EXERCISE DATA >>
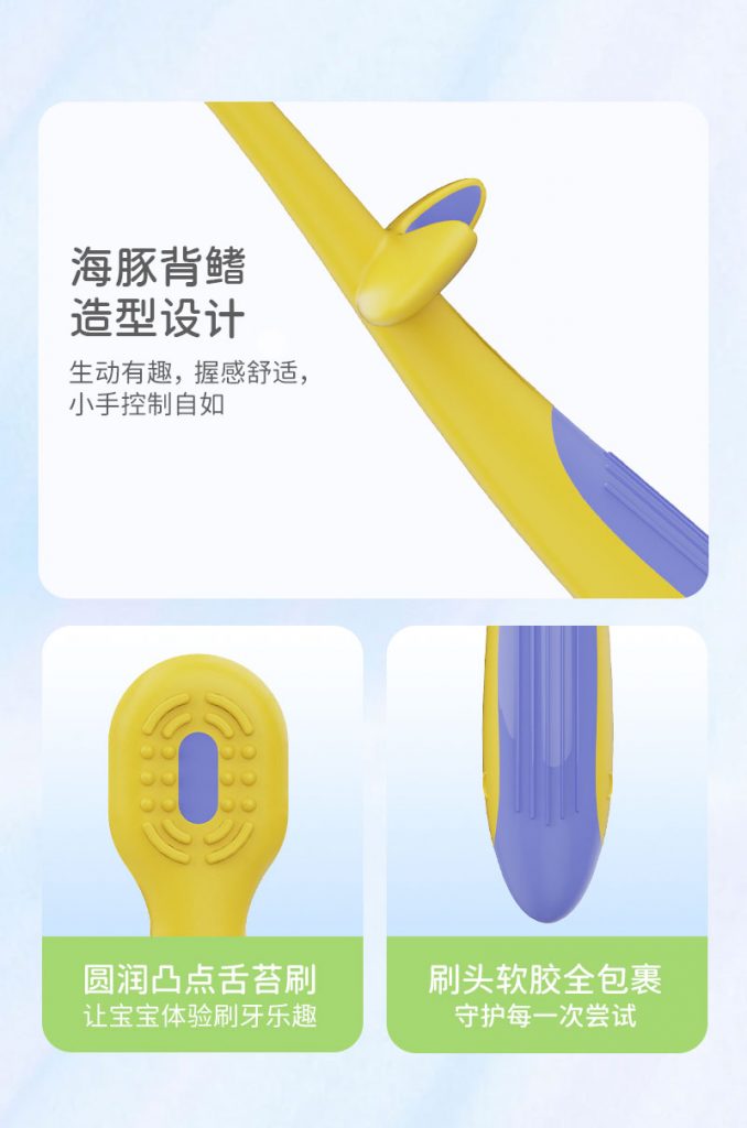 5、细节贴心:可放平设计、凸点舌苔刷、海豚手柄、防滑波纹,兼顾实用与体验。
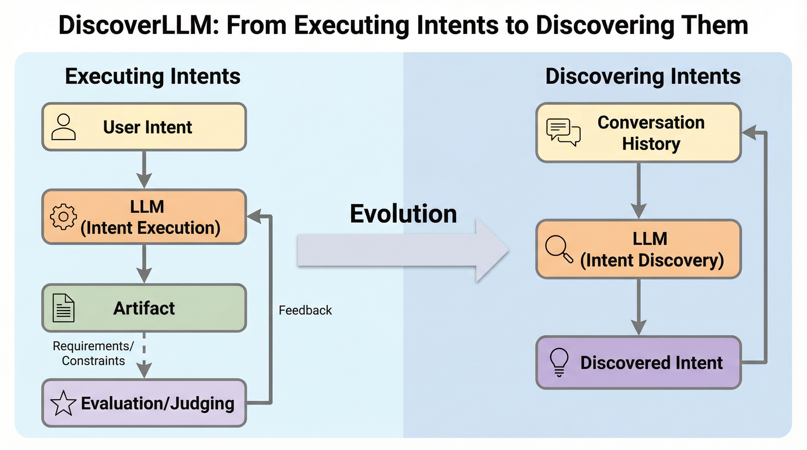現在の大規模言語モデルは、複雑な指示に従って高品質な出力を生成する能力に長けていますが、そこには「ユーザーが最初から明確な意図を持っている」という暗黙の前提が存在しています。しかし、現実の創作活動や設計、あるいはオープンエンドな問題解決においては、ユーザー自身が何を求めているのかを正確に把握していない「未形成の意図」を抱えていることが一般的です。例えば、「教訓についての個人的なエッセイを書いてほしい」という曖昧な依頼をするユーザーは、具体的なトーンや構成についての明確な答えを自分の中に持っていない場合があります。このような状況で、モデルが「どのようなトーンを希望しますか?」といった明確化のための質問を繰り返しても、ユーザーは答えに窮してしまい、対話は停滞してしまいます。 従来の対話手法やベンチマークは、ユーザーが既に持っている情報を引き出す「意図の抽出」に焦点を当ててきましたが、意図そのものがまだ形成されていない場合には、このアプローチは無力です。認知科学の研究によれば、人間は可能な解決策を探索し、具体的な試案や成果物を目にすることで初めて、自分の真のニーズを発見していくという「共進化」のプロセスを辿ることが知られています。…
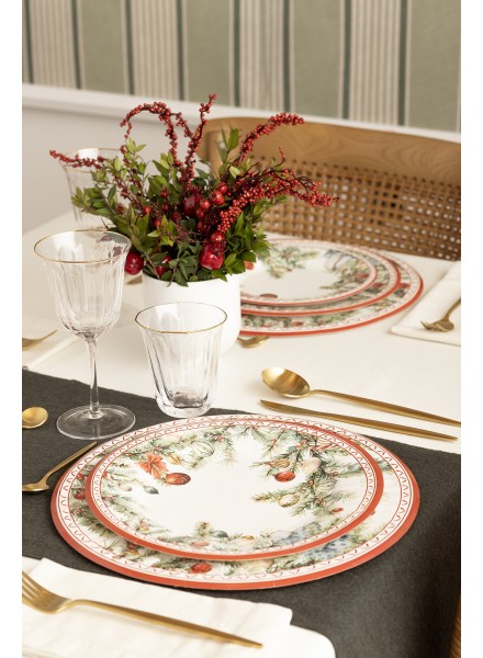 8 piatti da portata cm 27 Christmas Gift. Mettere i regali sotto l’albero è oggi un momento atteso con emozione da grandi e piccini. Tra le tante tradizioni natalizie diffuse in tutto il mondo, infatti, una delle più amate è sicuramente quella di mettere i regali sotto l’albero di Natale, questo gesto simbolico rappresenta l'attesa, la sorpresa e la gioia del donare e ricevere, valori fondamentali dello spirito natalizio che caratterizzeranno la tua mise en place. I piatti Givi Italia rispettano l’ambiente, sono stati realizzati senza pellicola plastica, abbiamo sostituito il rivestimento con una base acquosa che garantisce il contatto alimentare e sono compostabili, li puoi gettare nell’umido.

PROBLEM REQUIREMENTS >>
Return the listing above in full and exactly, omitting all pictures.

YOUR RESPONSE >>
 5、细节贴心:可放平设计、凸点舌苔刷、海豚手柄、防滑波纹,兼顾实用与体验。
現在の大規模言語モデルは、複雑な指示に従って高品質な出力を生成する能力に長けていますが、そこには「ユーザーが最初から明確な意図を持っている」という暗黙の前提が存在しています。しかし、現実の創作活動や設計、あるいはオープンエンドな問題解決においては、ユーザー自身が何を求めているのかを正確に把握していない「未形成の意図」を抱えていることが一般的です。例えば、「教訓についての個人的なエッセイを書いてほしい」という曖昧な依頼をするユーザーは、具体的なトーンや構成についての明確な答えを自分の中に持っていない場合があります。このような状況で、モデルが「どのようなトーンを希望しますか?」といった明確化のための質問を繰り返しても、ユーザーは答えに窮してしまい、対話は停滞してしまいます。 従来の対話手法やベンチマークは、ユーザーが既に持っている情報を引き出す「意図の抽出」に焦点を当ててきましたが、意図そのものがまだ形成されていない場合には、このアプローチは無力です。認知科学の研究によれば、人間は可能な解決策を探索し、具体的な試案や成果物を目にすることで初めて、自分の真のニーズを発見していくという「共進化」のプロセスを辿ることが知られています。…
 8 piatti da portata cm 27 Christmas Gift. Mettere i regali sotto l’albero è oggi un momento atteso con emozione da grandi e piccini. Tra le tante tradizioni natalizie diffuse in tutto il mondo, infatti, una delle più amate è sicuramente quella di mettere i regali sotto l’albero di Natale, questo gesto simbolico rappresenta l'attesa, la sorpresa e la gioia del donare e ricevere, valori fondamentali dello spirito natalizio che caratterizzeranno la tua mise en place. I piatti Givi Italia rispettano l’ambiente, sono stati realizzati senza pellicola plastica, abbiamo sostituito il rivestimento con una base acquosa che garantisce il contatto alimentare e sono compostabili, li puoi gettare nell’umido.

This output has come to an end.